### Instructions for the task
Pictures should be left out while the data beneath this task is written out word for word.

### Records for this task
☆ ☆ ☆ ☆ ☆

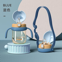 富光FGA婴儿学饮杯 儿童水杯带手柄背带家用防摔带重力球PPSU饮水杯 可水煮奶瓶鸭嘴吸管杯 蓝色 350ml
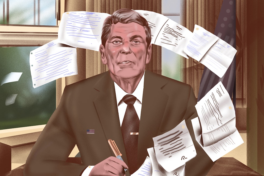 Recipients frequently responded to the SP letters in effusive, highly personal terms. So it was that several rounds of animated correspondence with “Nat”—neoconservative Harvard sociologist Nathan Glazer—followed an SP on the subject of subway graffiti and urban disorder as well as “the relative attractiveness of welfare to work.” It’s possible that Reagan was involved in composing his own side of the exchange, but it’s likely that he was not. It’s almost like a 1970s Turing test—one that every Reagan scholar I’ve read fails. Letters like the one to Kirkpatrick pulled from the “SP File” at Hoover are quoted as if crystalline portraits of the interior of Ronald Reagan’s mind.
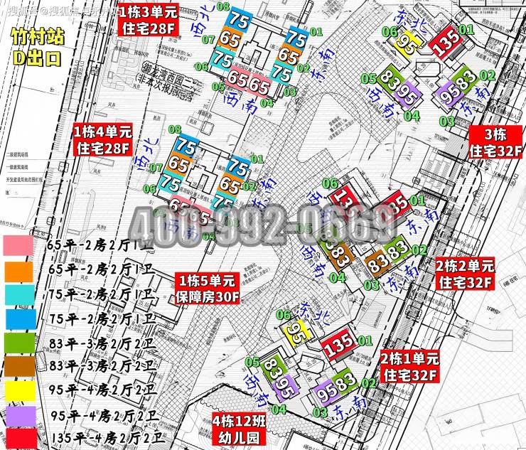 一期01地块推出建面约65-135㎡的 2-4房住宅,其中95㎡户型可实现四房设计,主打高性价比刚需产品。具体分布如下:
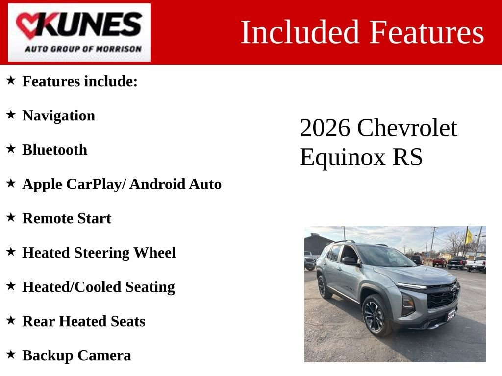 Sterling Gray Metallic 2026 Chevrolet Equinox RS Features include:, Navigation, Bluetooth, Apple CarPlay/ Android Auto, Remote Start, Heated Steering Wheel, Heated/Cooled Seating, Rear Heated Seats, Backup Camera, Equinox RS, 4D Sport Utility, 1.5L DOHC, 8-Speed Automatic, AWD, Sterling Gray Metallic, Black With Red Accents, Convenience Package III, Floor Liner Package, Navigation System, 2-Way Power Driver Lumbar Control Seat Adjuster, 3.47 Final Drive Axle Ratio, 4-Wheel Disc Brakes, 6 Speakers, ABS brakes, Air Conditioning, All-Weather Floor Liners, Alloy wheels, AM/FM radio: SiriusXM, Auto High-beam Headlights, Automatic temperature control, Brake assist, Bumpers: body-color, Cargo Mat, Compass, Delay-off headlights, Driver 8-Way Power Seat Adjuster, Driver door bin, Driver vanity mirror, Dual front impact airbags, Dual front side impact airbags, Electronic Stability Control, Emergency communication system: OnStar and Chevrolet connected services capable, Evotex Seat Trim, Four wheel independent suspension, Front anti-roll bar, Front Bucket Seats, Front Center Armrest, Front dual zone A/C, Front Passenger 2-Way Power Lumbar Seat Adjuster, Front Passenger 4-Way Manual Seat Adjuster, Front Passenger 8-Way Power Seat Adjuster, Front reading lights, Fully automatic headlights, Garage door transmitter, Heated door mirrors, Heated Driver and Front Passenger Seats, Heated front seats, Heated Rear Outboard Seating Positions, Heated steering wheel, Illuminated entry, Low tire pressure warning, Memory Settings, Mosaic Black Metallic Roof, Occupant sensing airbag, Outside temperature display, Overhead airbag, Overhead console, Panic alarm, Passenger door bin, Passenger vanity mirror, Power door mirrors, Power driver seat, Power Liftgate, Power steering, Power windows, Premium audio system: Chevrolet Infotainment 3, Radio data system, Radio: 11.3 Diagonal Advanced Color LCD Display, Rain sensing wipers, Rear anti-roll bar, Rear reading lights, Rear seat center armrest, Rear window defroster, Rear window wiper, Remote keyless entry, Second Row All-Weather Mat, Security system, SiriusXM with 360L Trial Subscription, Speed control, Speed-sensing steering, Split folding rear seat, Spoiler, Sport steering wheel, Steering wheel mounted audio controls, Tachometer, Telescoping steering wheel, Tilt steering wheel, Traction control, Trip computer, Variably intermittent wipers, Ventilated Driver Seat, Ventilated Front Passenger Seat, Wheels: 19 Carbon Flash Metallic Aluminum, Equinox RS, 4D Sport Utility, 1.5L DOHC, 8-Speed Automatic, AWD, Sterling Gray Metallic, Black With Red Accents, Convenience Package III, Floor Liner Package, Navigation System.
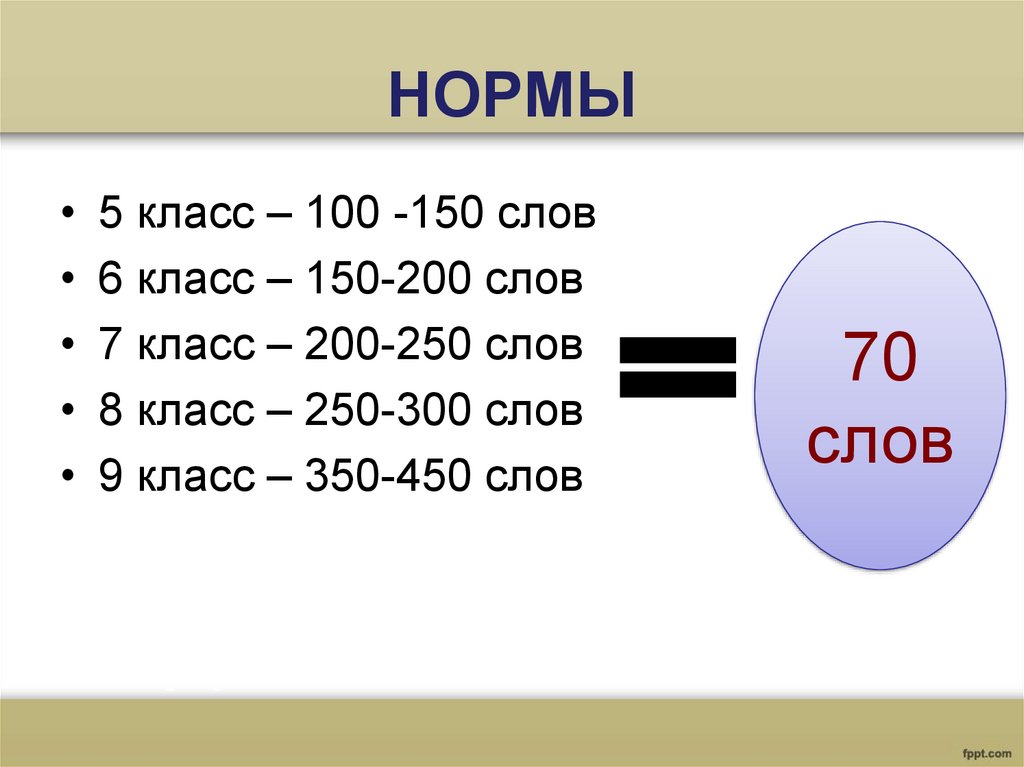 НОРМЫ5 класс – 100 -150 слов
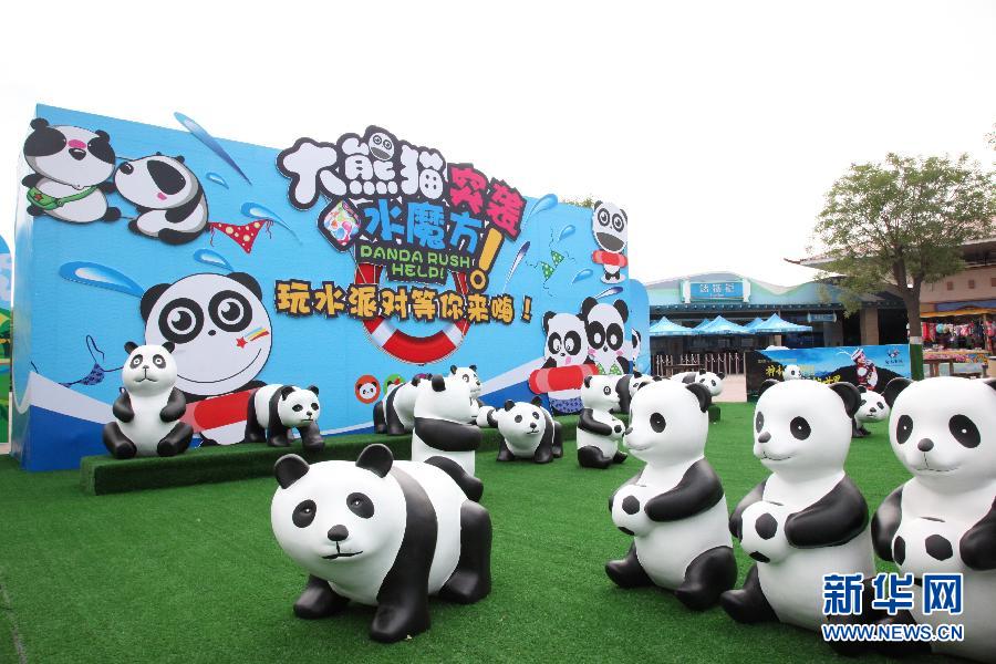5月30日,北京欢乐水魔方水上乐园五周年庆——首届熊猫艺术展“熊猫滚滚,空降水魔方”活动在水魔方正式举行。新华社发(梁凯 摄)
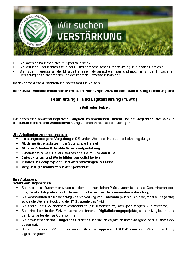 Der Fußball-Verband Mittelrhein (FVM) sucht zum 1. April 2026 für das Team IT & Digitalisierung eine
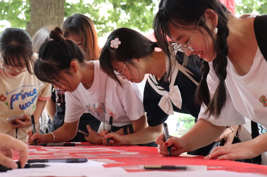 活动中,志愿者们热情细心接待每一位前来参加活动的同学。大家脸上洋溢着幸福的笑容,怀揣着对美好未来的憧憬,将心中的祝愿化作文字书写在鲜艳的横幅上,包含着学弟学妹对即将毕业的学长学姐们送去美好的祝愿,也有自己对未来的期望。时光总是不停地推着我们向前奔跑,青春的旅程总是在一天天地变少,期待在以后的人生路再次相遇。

☆ ☆ ☆ ☆ ☆

### Task answer
 富光FGA婴儿学饮杯 儿童水杯带手柄背带家用防摔带重力球PPSU饮水杯 可水煮奶瓶鸭嘴吸管杯 蓝色 350ml
 Recipients frequently responded to the SP letters in effusive, highly personal terms. So it was that several rounds of animated correspondence with “Nat”—neoconservative Harvard sociologist Nathan Glazer—followed an SP on the subject of subway graffiti and urban disorder as well as “the relative attractiveness of welfare to work.” It’s possible that Reagan was involved in composing his own side of the exchange, but it’s likely that he was not. It’s almost like a 1970s Turing test—one that every Reagan scholar I’ve read fails. Letters like the one to Kirkpatrick pulled from the “SP File” at Hoover are quoted as if crystalline portraits of the interior of Ronald Reagan’s mind.
 一期01地块推出建面约65-135㎡的 2-4房住宅,其中95㎡户型可实现四房设计,主打高性价比刚需产品。具体分布如下:
 Sterling Gray Metallic 2026 Chevrolet Equinox RS Features include:, Navigation, Bluetooth, Apple CarPlay/ Android Auto, Remote Start, Heated Steering Wheel, Heated/Cooled Seating, Rear Heated Seats, Backup Camera, Equinox RS, 4D Sport Utility, 1.5L DOHC, 8-Speed Automatic, AWD, Sterling Gray Metallic, Black With Red Accents, Convenience Package III, Floor Liner Package, Navigation System, 2-Way Power Driver Lumbar Control Seat Adjuster, 3.47 Final Drive Axle Ratio, 4-Wheel Disc Brakes, 6 Speakers, ABS brakes, Air Conditioning, All-Weather Floor Liners, Alloy wheels, AM/FM radio: SiriusXM, Auto High-beam Headlights, Automatic temperature control, Brake assist, Bumpers: body-color, Cargo Mat, Compass, Delay-off headlights, Driver 8-Way Power Seat Adjuster, Driver door bin, Driver vanity mirror, Dual front impact airbags, Dual front side impact airbags, Electronic Stability Control, Emergency communication system: OnStar and Chevrolet connected services capable, Evotex Seat Trim, Four wheel independent suspension, Front anti-roll bar, Front Bucket Seats, Front Center Armrest, Front dual zone A/C, Front Passenger 2-Way Power Lumbar Seat Adjuster, Front Passenger 4-Way Manual Seat Adjuster, Front Passenger 8-Way Power Seat Adjuster, Front reading lights, Fully automatic headlights, Garage door transmitter, Heated door mirrors, Heated Driver and Front Passenger Seats, Heated front seats, Heated Rear Outboard Seating Positions, Heated steering wheel, Illuminated entry, Low tire pressure warning, Memory Settings, Mosaic Black Metallic Roof, Occupant sensing airbag, Outside temperature display, Overhead airbag, Overhead console, Panic alarm, Passenger door bin, Passenger vanity mirror, Power door mirrors, Power driver seat, Power Liftgate, Power steering, Power windows, Premium audio system: Chevrolet Infotainment 3, Radio data system, Radio: 11.3 Diagonal Advanced Color LCD Display, Rain sensing wipers, Rear anti-roll bar, Rear reading lights, Rear seat center armrest, Rear window defroster, Rear window wiper, Remote keyless entry, Second Row All-Weather Mat, Security system, SiriusXM with 360L Trial Subscription, Speed control, Speed-sensing steering, Split folding rear seat, Spoiler, Sport steering wheel, Steering wheel mounted audio controls, Tachometer, Telescoping steering wheel, Tilt steering wheel, Traction control, Trip computer, Variably intermittent wipers, Ventilated Driver Seat, Ventilated Front Passenger Seat, Wheels: 19 Carbon Flash Metallic Aluminum, Equinox RS, 4D Sport Utility, 1.5L DOHC, 8-Speed Automatic, AWD, Sterling Gray Metallic, Black With Red Accents, Convenience Package III, Floor Liner Package, Navigation System.
 НОРМЫ5 класс – 100 -150 слов
5月30日,北京欢乐水魔方水上乐园五周年庆——首届熊猫艺术展“熊猫滚滚,空降水魔方”活动在水魔方正式举行。新华社发(梁凯 摄)
 Der Fußball-Verband Mittelrhein (FVM) sucht zum 1. April 2026 für das Team IT & Digitalisierung eine
 活动中,志愿者们热情细心接待每一位前来参加活动的同学。大家脸上洋溢着幸福的笑容,怀揣着对美好未来的憧憬,将心中的祝愿化作文字书写在鲜艳的横幅上,包含着学弟学妹对即将毕业的学长学姐们送去美好的祝愿,也有自己对未来的期望。时光总是不停地推着我们向前奔跑,青春的旅程总是在一天天地变少,期待在以后的人生路再次相遇。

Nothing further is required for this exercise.